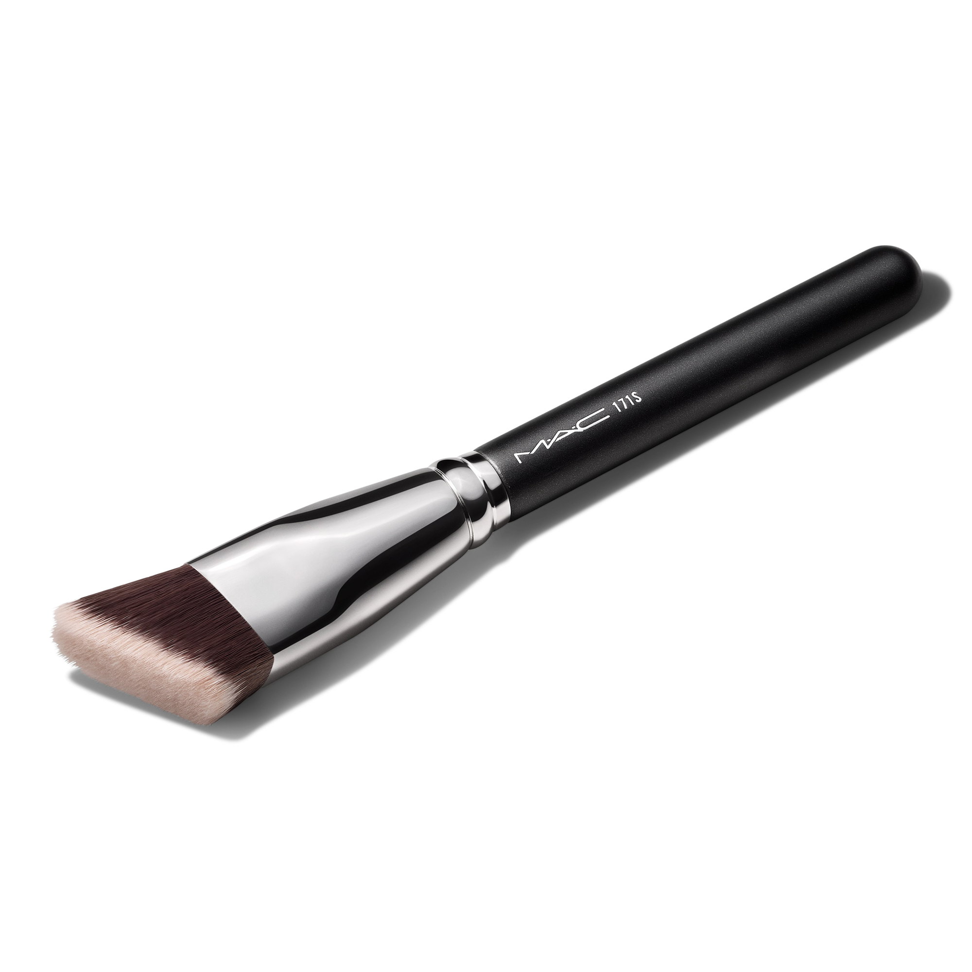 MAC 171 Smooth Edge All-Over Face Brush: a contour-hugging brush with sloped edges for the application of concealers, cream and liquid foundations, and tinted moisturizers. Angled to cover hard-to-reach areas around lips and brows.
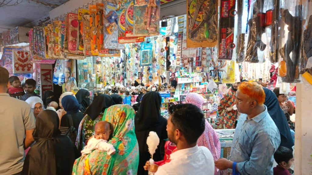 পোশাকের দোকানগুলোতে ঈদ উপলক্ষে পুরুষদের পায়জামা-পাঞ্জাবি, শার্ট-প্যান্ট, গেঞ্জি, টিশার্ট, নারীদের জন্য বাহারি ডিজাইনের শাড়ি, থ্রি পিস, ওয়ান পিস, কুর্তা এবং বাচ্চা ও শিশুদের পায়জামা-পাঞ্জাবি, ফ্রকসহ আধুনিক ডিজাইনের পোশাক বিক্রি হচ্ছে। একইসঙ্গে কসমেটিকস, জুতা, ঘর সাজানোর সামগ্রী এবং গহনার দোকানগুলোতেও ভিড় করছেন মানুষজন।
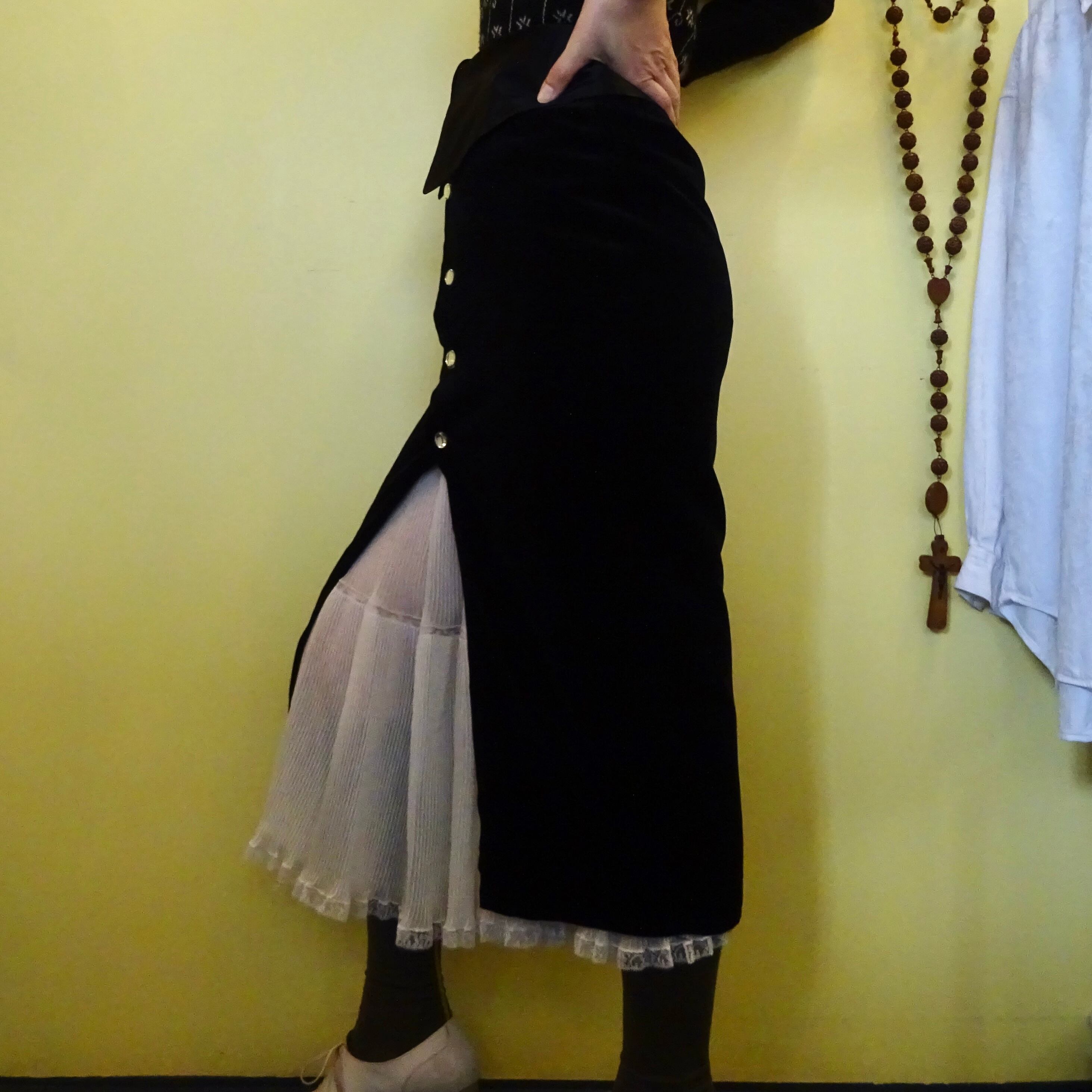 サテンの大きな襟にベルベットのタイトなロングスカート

---

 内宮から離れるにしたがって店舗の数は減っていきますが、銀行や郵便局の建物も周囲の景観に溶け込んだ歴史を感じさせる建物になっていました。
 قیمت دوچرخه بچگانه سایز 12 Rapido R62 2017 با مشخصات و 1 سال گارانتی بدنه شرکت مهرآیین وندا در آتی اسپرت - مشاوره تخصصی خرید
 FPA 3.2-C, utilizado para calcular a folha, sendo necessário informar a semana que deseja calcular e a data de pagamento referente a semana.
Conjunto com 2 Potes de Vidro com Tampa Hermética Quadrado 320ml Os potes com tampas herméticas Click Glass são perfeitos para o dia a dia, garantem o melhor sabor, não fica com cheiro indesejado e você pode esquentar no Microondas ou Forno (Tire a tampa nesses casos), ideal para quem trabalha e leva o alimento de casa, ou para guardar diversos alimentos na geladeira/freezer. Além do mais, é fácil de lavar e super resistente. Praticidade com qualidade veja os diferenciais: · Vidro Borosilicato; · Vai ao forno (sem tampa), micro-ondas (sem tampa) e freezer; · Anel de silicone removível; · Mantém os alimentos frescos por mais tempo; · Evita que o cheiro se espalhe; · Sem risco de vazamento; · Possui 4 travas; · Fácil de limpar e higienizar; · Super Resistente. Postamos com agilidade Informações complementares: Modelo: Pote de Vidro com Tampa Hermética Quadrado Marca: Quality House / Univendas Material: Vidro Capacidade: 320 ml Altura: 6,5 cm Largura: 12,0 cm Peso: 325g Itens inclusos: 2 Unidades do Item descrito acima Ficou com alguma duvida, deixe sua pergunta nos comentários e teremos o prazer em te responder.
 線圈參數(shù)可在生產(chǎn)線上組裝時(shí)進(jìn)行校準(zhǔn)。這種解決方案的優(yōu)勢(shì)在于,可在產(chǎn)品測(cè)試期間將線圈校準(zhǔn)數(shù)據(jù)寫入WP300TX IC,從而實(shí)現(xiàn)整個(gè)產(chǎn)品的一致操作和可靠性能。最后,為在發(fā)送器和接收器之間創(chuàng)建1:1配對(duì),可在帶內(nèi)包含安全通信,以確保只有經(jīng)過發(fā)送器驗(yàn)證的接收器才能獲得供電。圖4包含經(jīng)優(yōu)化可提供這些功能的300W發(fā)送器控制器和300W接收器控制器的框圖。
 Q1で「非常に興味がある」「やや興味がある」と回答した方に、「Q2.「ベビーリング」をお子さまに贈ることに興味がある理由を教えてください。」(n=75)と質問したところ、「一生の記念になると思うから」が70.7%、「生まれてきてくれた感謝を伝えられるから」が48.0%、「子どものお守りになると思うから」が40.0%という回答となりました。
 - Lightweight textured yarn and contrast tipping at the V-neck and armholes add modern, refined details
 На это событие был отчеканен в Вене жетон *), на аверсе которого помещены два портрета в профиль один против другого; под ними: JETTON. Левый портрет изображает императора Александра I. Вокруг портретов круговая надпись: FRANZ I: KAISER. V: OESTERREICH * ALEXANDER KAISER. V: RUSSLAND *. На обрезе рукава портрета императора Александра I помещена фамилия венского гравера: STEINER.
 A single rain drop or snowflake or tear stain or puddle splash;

==

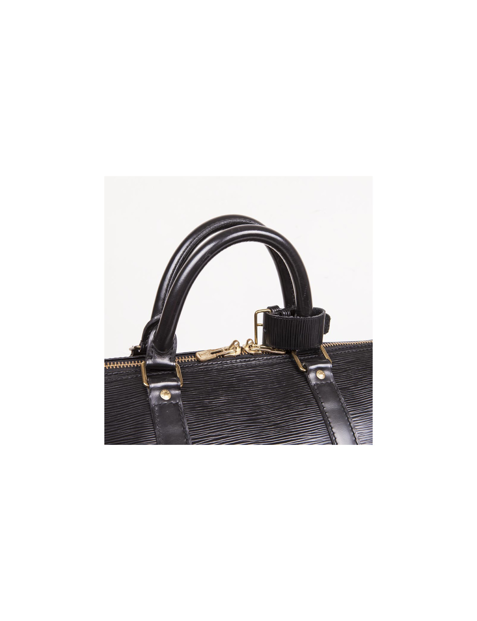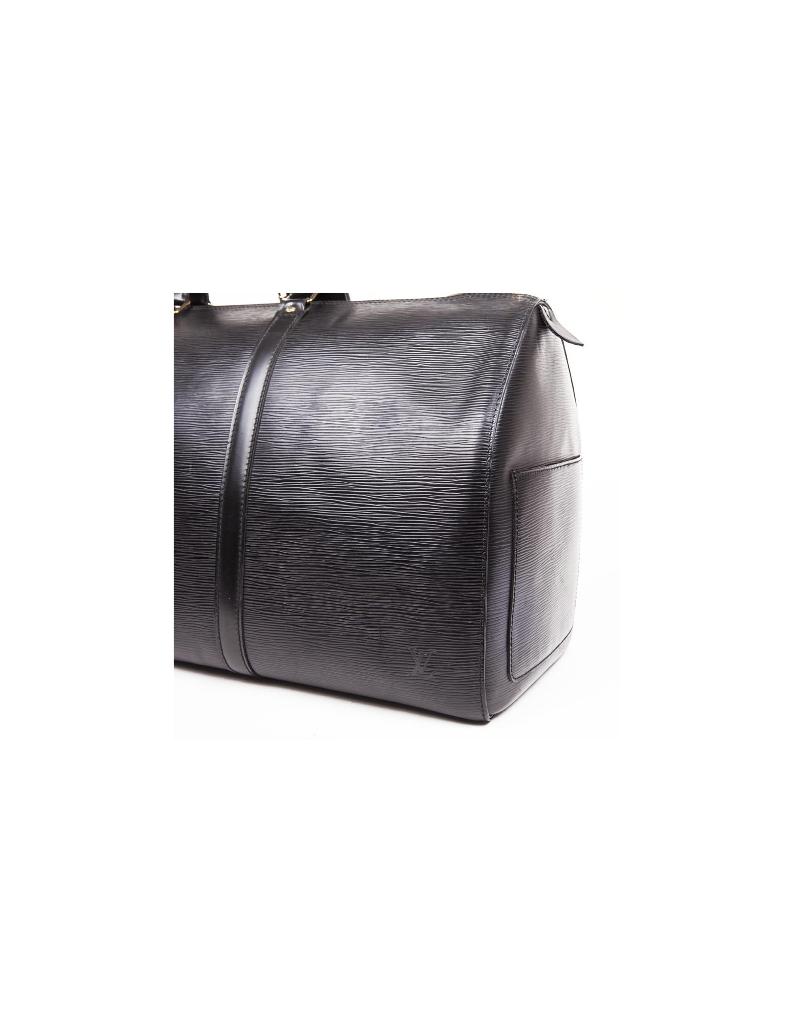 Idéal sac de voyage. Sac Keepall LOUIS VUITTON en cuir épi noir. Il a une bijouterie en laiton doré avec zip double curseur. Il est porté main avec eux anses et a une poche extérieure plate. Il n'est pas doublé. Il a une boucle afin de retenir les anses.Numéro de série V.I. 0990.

### [Instructions for the task]
Here the job is to copy the listing above word for word, starting at the line with "MAC 171 Smooth" and ending at the line with "サテンの大きな襟にベルベットのタイトなロングスカート", and to leave out the pictures.

### [Solution to this exercise]
 MAC 171 Smooth Edge All-Over Face Brush: a contour-hugging brush with sloped edges for the application of concealers, cream and liquid foundations, and tinted moisturizers. Angled to cover hard-to-reach areas around lips and brows.
 পোশাকের দোকানগুলোতে ঈদ উপলক্ষে পুরুষদের পায়জামা-পাঞ্জাবি, শার্ট-প্যান্ট, গেঞ্জি, টিশার্ট, নারীদের জন্য বাহারি ডিজাইনের শাড়ি, থ্রি পিস, ওয়ান পিস, কুর্তা এবং বাচ্চা ও শিশুদের পায়জামা-পাঞ্জাবি, ফ্রকসহ আধুনিক ডিজাইনের পোশাক বিক্রি হচ্ছে। একইসঙ্গে কসমেটিকস, জুতা, ঘর সাজানোর সামগ্রী এবং গহনার দোকানগুলোতেও ভিড় করছেন মানুষজন।
 サテンの大きな襟にベルベットのタイトなロングスカート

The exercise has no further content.